### What is required
Return the following data exactly, with all pictures left out.

[Dataset excerpt Boundary: Start]

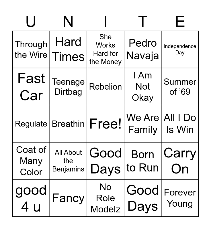 This bingo card has a free space and 80 words: It’s a Hard Knock Life, Livin’ on a Prayer, She Works Hard for the Money, (Working At The) Car Wash, Bills, Bills, Bills, I Need a Dollar, What Would You Do?, 9 to 5, Coat of Many Colors, Fancy Like, Workin’ for a Livin’, Takin’ Care of Business, Pedro Navaja, Through the Wire, Changes, Fast Car, 679, All About the Benjamins, Price Tag, All I Do Is Win, If I Had A Million Dollars, Independence Day, Regulate, Rebelion, Teenage Dirtbag, Kids, Young, Wild & Free, School’s Out, ABC, My Front Porch Looking In, Summer of ’69, Girls Just Want to Have Fun, No Role Modelz, Dammit, good 4 u, We Are Family, September, Mi Gente, Isn’t She Lovely, Forever Young, There Goes My Future, Mama Said, Younger, Papa Was a Rollin’ Stone, Daughters, Hard Times, Anxiety, I Want to Get Better, Titanium, High Hopes, Carry On, Breathin, Born to Run, Go Your Own Way, Waterfalls, Born This Way, Dancing On My Own, Semi-Charmed Life, The Story, Good Days, I Am Not Okay, Unwell, Ain’t No Stoppin’ Us Now, Juice, Teenage Dirtbag, Car Wash, Ain’t No Stoppin’ Us Now, Septem, What Would You Do? By City High, The Message, Coat of Many Color, Fancy, Born This Way, Dancing On My Own, Semi-Charmed Life, The Story, Good Days, I Am Not Okay, Unwell and Fancy Like.
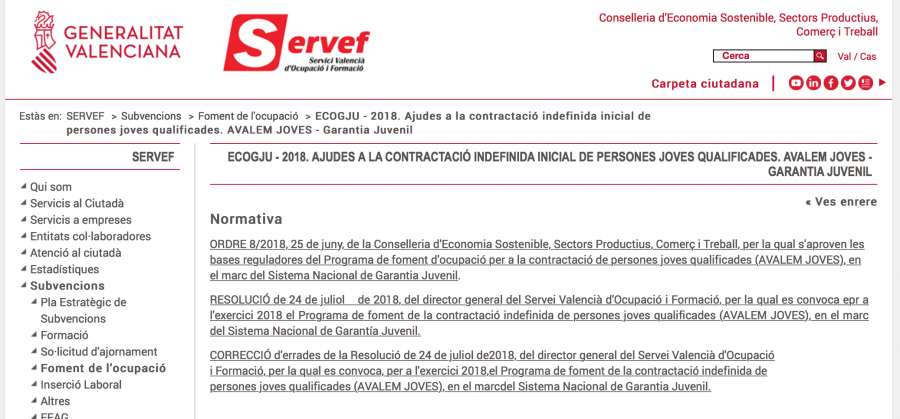 Esta convocatoria tiene por objeto la concesión de subvenciones para fomentar la contratación indefinida inicial a jornada completa de las personas jóvenes cualificadas, que figuren inscritas en el fichero del Sistema Nacional de Garantía Juvenil en el ámbito territorial de la Comunitat Valenciana.
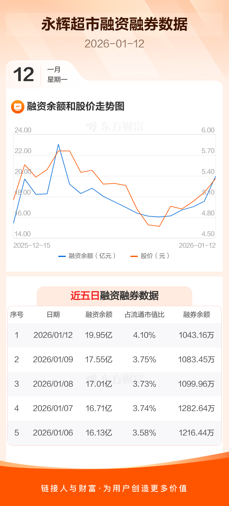 交易所最新数据显示,永辉超市于2026年1月12日获融资买入5.74亿元,融资偿还3.34亿元,当日融资净买入2.4亿元。目前,该股融资余额19.95亿,占流通市值比例为4.10%。
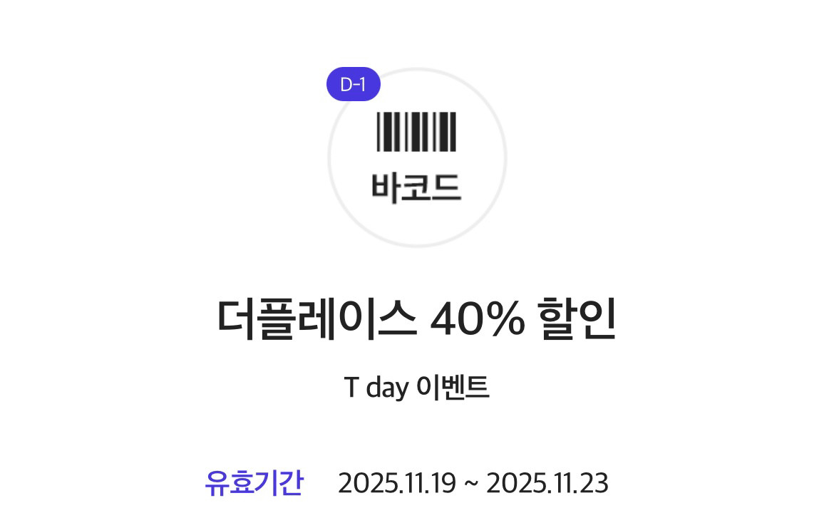 더플레이스 40% 할인 📌* 더플레이스 매장은 정가 기준 주문 금액 150,000원 한도 안에서 최대 60,000원 할인받으실 수 있습니다. 📌유효기간: 2025.11.23. 📌쿠폰 사용 방법: 매장 직원에게 쿠폰 제시 입금확인 후 쿠폰 바로 보내드립니다!

[Dataset excerpt Boundary: End]

### Answer to the exercise
 This bingo card has a free space and 80 words: It’s a Hard Knock Life, Livin’ on a Prayer, She Works Hard for the Money, (Working At The) Car Wash, Bills, Bills, Bills, I Need a Dollar, What Would You Do?, 9 to 5, Coat of Many Colors, Fancy Like, Workin’ for a Livin’, Takin’ Care of Business, Pedro Navaja, Through the Wire, Changes, Fast Car, 679, All About the Benjamins, Price Tag, All I Do Is Win, If I Had A Million Dollars, Independence Day, Regulate, Rebelion, Teenage Dirtbag, Kids, Young, Wild & Free, School’s Out, ABC, My Front Porch Looking In, Summer of ’69, Girls Just Want to Have Fun, No Role Modelz, Dammit, good 4 u, We Are Family, September, Mi Gente, Isn’t She Lovely, Forever Young, There Goes My Future, Mama Said, Younger, Papa Was a Rollin’ Stone, Daughters, Hard Times, Anxiety, I Want to Get Better, Titanium, High Hopes, Carry On, Breathin, Born to Run, Go Your Own Way, Waterfalls, Born This Way, Dancing On My Own, Semi-Charmed Life, The Story, Good Days, I Am Not Okay, Unwell, Ain’t No Stoppin’ Us Now, Juice, Teenage Dirtbag, Car Wash, Ain’t No Stoppin’ Us Now, Septem, What Would You Do? By City High, The Message, Coat of Many Color, Fancy, Born This Way, Dancing On My Own, Semi-Charmed Life, The Story, Good Days, I Am Not Okay, Unwell and Fancy Like.
 Esta convocatoria tiene por objeto la concesión de subvenciones para fomentar la contratación indefinida inicial a jornada completa de las personas jóvenes cualificadas, que figuren inscritas en el fichero del Sistema Nacional de Garantía Juvenil en el ámbito territorial de la Comunitat Valenciana.
 交易所最新数据显示,永辉超市于2026年1月12日获融资买入5.74亿元,融资偿还3.34亿元,当日融资净买入2.4亿元。目前,该股融资余额19.95亿,占流通市值比例为4.10%。
 더플레이스 40% 할인 📌* 더플레이스 매장은 정가 기준 주문 금액 150,000원 한도 안에서 최대 60,000원 할인받으실 수 있습니다. 📌유효기간: 2025.11.23. 📌쿠폰 사용 방법: 매장 직원에게 쿠폰 제시 입금확인 후 쿠폰 바로 보내드립니다!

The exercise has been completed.